Perhaps, just maybe we can stop pretending they are “other” and their talents are stealing the goodies from the strapping, healthy taste makers.

 

I’ve Got a Secret

I take inventories of my head, patrolling it, though I’m no cop. There are ugly notions inside me and “Holy Gilles DeLeuze Batman!” they’re slick, fast as minnows—my scrutinizer can hardly catch them, though sometimes I capture one old, clotted, loathsome, prejudicial idee fixe and raise it to the light.

Recently I watched a vintage TV game show—“I’ve Got a Secret” from 1961. I remembered the damned thing though I was six when the program first aired. I watched it for twenty minutes. It was benign and faintly amusing. A homely “not ready for prime time” contestant appeared and whispered her secret to Garry Moore the emcee while the audience saw it on screen. Panelists then tried to ferret out the secret by asking yes or no questions. Tame enough.

Suddenly I was awash in sadness—clobbered by it. You might think I was victimized by middle class white American nostalgia but that wasn’t it. I wasn’t sorry for lost innocence, either my own or the nation’s. It was my ugliness I saw.
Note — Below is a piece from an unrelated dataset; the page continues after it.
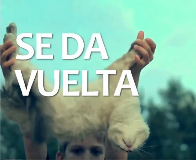 El spot de Juntos por , publicado ayer por Bugallo en Twitter con la frase "¡Se da vuelta! ¡Y esto se da vuelta! ¡Mauricio la da vuelta!", muestra en cámara lenta cómo un niño sostiene con sus dos manos las cuatro patas del gato, y lo suelta, desde una altura de aproximadamente un metro y medio, cuando el felino está de espaldas, dado vuelta.
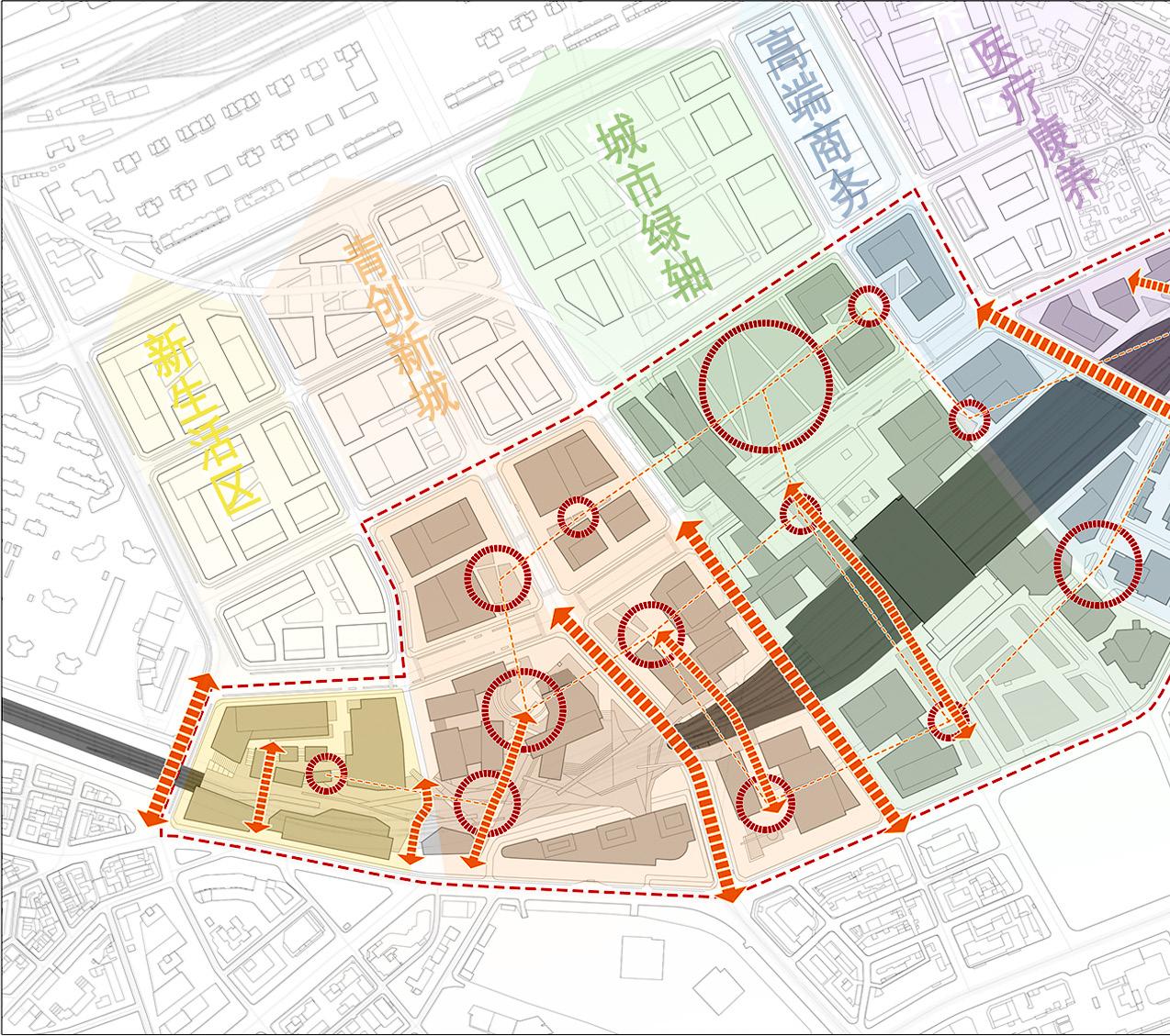 The station-railway plot will be re-divided, with the urban green axis formed by the north and south squares as the center, and the light rail station and the subway station connected to the west side, creating a young and innovative city with convenient transportation and full of vitality. A new living area with young people as the main body will be built in this area.

I liked that world of Cleanliness capital “C”—the witty panelists and TV host resembling urbane cocktail guests, not a mean drunk in the lot. I felt my own affection for banality. I couldn’t blink it away. I liked the sanitized, irreproachable steadfastness of TV Land.

It was bad news. The Head Patrol had returned to base with a culprit in tow—my starchy, middle brow affection like a shoplifter arrested British style, his hands cuffed in front since he’s not that dangerous.

How to blink this away? Is it plausible I’ve no nuance or scruple? I genuinely liked the cheap TV studio and the clubby, ambient aura of normalcy, everyone wearing his or her Sunday best. I loved it that the secrets weren’t lurid. Understanding how much I liked “I’ve Got a Secret” was a train wreck for my sense of irony and discernment. It pleased me immensely that the first contestant was the only female “plasterer” in the United States.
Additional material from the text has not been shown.